Писатель сказал, что ничего больше делать не будет, что ему все надоело и он больше не будет работать. Для Женщины, конечно, старался. Она жаловалась, что ей тяжело быть все время трезвой и жить в дисциплине. Что хорошо бы иногда курить гашиш. Это она вспоминала свое состояние после разговора с художником, идя от него. Все тогда было бело от морозного воздуха, и Женщина шла в черных очках и смотрела на прохожих будто откуда-то сверху. Это был кайф, позволяющий продолжать действовать, а не лежать поленом. Она тогда пришла, сбросила с себя шинель посредине комнаты и, открыв фоно, села петь. И думала, что никогда бы так не смогла сделать, если бы здесь был Писатель. С Писателем она бы придя не сбросила на пол шинель, повесила бы аккуратно и пошла бы к себе в угол, и села бы на кровать, и в уме бы пела. Или слушала бы по плейеру песни, записанные без Писателя. На 27 квадратных метрах жилой площади невозможно было делать то, что взбредет вдруг в голову. 27 квадратных метров на троих. Потому что Писатель, Писательница и Певица. Надо было договариваться.

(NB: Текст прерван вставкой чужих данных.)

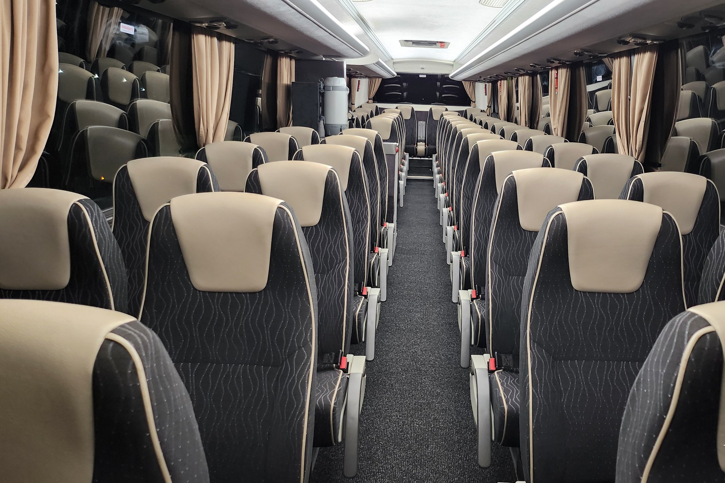 Stor turistbus, hvor der er plads til 52 personer samt en guide.

И они договаривались, «О'кей, ты, Писатель, в четыре часа уходи погулять, и я два часа смогу петь». И надо было себя настраивать. Вдохновение подгонять. Вот уже час дня, через три надо петь. И надо, чтобы было настроение! Уже два, а настроения нет. Вот уже три, а оно не появилось, потому что было вчера вечером и мелодия вечером пелась. Но вечером должно быть тихо, потому что надо читать умную книгу или идут дебаты, и блистательный адвокат Жак Вержес участвует, нельзя пропустить. Поэтому в четыре часа, хоть сдохни, но пой, не упусти момент. Ну, хоть распевки для голоса пой! И арпеджио, еще очень хорошее упражнение – ма-мо-му-мэ-ми – и голос идет в маску. И она сидела перед раскрытым фоно и ничего не пела, кроме упражнений. Приходил Писатель, и она закрывала пианино.
Он говорил: «Чего ты, пой». Но ей не хотелось уже.
Она пошла на почту и разменяла сто франков на монеты по пять. И получился целый карман монет. Зашла в кабинку и, сев на табурет, изодранный и с разной длины ножками… или пол был неровный – стала набирать номер в Ленинграде. И она почувствовала какой-то запах специальный. Ленинградский. Когда в телефонной трубке как бы образовался звуковой купол, наполненный каким-то шумом, дрожащим, идущим через провода по Европе, через Польшу, проходя какие-то холмы и реки, этот шум бежал туда, на север, и оттуда бежал к Женщине и нес с собой запах города в снегу, без электричества после 23 часов и, может, уже с танками на улицах, и было, как в соборе, где невероятная акустика, и каждый шорох слышен, и твое дыхание очень слышно… и запах. Ее соединили молниеносно, с первого раза. Это было невозможно! Обычно надо было часами набирать номер и бесконечно нажимать на «бис». И электронный голос говорил, что «пар свит д'анкомбремон вотр аппель…» И опять на «бис». А она уже слышала голос Критика. И он сказал, что стоял у телефона и держал руку на трубке. Она не подумала, что он врет.
Она говорила, что едет, что приедет, только не знает когда. Что на днях пойдет за визой. И что не может уйти от Писателя, и что он все знает. «Ну, а что ж ты хотела…» – взросло сказал Критик. А она подумала, что хотела бы, чтоб был и он, и Писатель.